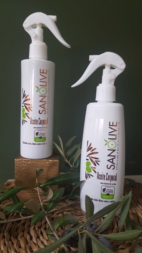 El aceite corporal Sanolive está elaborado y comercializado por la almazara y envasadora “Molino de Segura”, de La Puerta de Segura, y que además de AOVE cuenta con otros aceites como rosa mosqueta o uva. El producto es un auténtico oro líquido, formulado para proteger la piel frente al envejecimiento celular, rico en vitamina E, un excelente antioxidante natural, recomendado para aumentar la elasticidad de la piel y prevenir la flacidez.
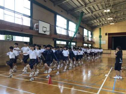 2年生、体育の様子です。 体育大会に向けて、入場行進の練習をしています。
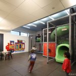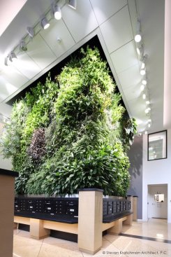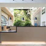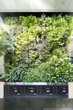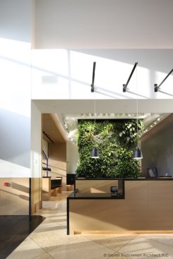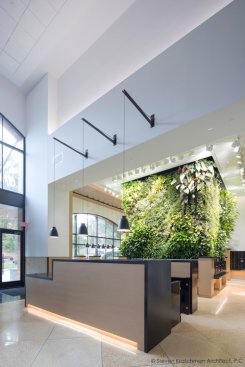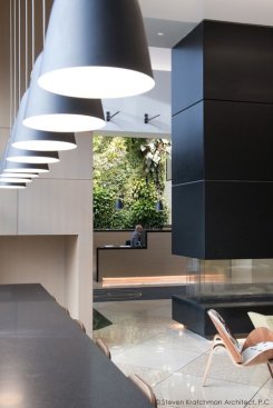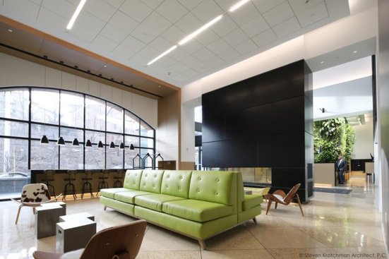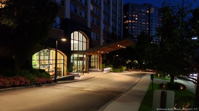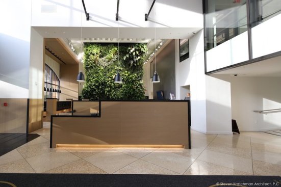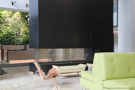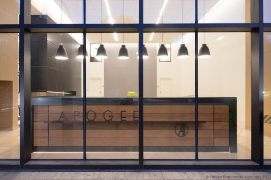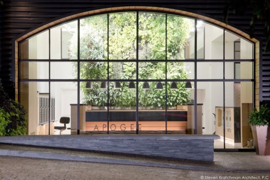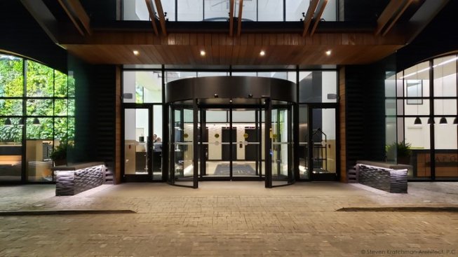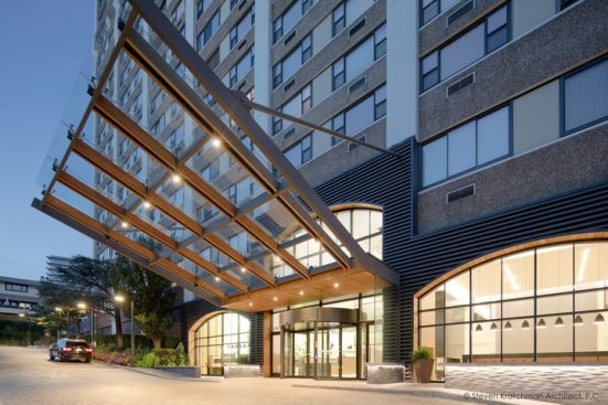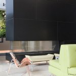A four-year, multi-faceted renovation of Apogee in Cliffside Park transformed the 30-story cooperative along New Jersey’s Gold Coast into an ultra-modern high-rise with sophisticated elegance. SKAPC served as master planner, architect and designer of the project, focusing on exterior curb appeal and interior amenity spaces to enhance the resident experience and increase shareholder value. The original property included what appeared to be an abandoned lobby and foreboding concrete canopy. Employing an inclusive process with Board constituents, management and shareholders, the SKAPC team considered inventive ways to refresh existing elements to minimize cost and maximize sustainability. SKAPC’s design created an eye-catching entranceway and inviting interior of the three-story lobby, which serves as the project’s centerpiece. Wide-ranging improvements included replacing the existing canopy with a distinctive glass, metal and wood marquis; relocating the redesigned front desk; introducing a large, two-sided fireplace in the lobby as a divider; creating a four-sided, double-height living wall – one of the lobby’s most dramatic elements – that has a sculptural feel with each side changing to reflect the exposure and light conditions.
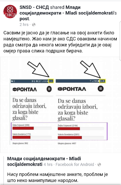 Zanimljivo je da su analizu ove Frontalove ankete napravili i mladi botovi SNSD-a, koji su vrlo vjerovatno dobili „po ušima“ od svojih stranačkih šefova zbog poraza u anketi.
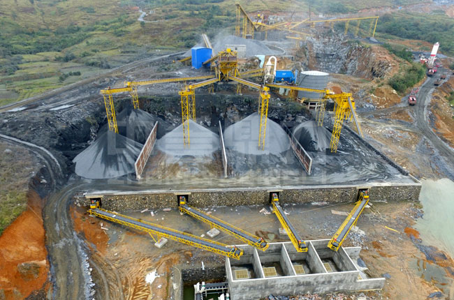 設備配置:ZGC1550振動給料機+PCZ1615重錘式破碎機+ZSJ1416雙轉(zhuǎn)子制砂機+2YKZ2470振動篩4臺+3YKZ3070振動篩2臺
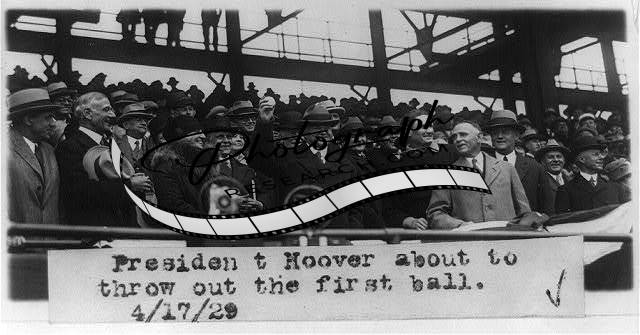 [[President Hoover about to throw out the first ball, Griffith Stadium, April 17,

--- TASK TO CARRY OUT ---
Produce a word-for-word version of the material, with no pictures included.

--- PROBLEM SOLUTION ---
 El aceite corporal Sanolive está elaborado y comercializado por la almazara y envasadora “Molino de Segura”, de La Puerta de Segura, y que además de AOVE cuenta con otros aceites como rosa mosqueta o uva. El producto es un auténtico oro líquido, formulado para proteger la piel frente al envejecimiento celular, rico en vitamina E, un excelente antioxidante natural, recomendado para aumentar la elasticidad de la piel y prevenir la flacidez.
 2年生、体育の様子です。 体育大会に向けて、入場行進の練習をしています。
A four-year, multi-faceted renovation of Apogee in Cliffside Park transformed the 30-story cooperative along New Jersey’s Gold Coast into an ultra-modern high-rise with sophisticated elegance. SKAPC served as master planner, architect and designer of the project, focusing on exterior curb appeal and interior amenity spaces to enhance the resident experience and increase shareholder value. The original property included what appeared to be an abandoned lobby and foreboding concrete canopy. Employing an inclusive process with Board constituents, management and shareholders, the SKAPC team considered inventive ways to refresh existing elements to minimize cost and maximize sustainability. SKAPC’s design created an eye-catching entranceway and inviting interior of the three-story lobby, which serves as the project’s centerpiece. Wide-ranging improvements included replacing the existing canopy with a distinctive glass, metal and wood marquis; relocating the redesigned front desk; introducing a large, two-sided fireplace in the lobby as a divider; creating a four-sided, double-height living wall – one of the lobby’s most dramatic elements – that has a sculptural feel with each side changing to reflect the exposure and light conditions.
 Zanimljivo je da su analizu ove Frontalove ankete napravili i mladi botovi SNSD-a, koji su vrlo vjerovatno dobili „po ušima“ od svojih stranačkih šefova zbog poraza u anketi.
 設備配置:ZGC1550振動給料機+PCZ1615重錘式破碎機+ZSJ1416雙轉(zhuǎn)子制砂機+2YKZ2470振動篩4臺+3YKZ3070振動篩2臺
 [[President Hoover about to throw out the first ball, Griffith Stadium, April 17,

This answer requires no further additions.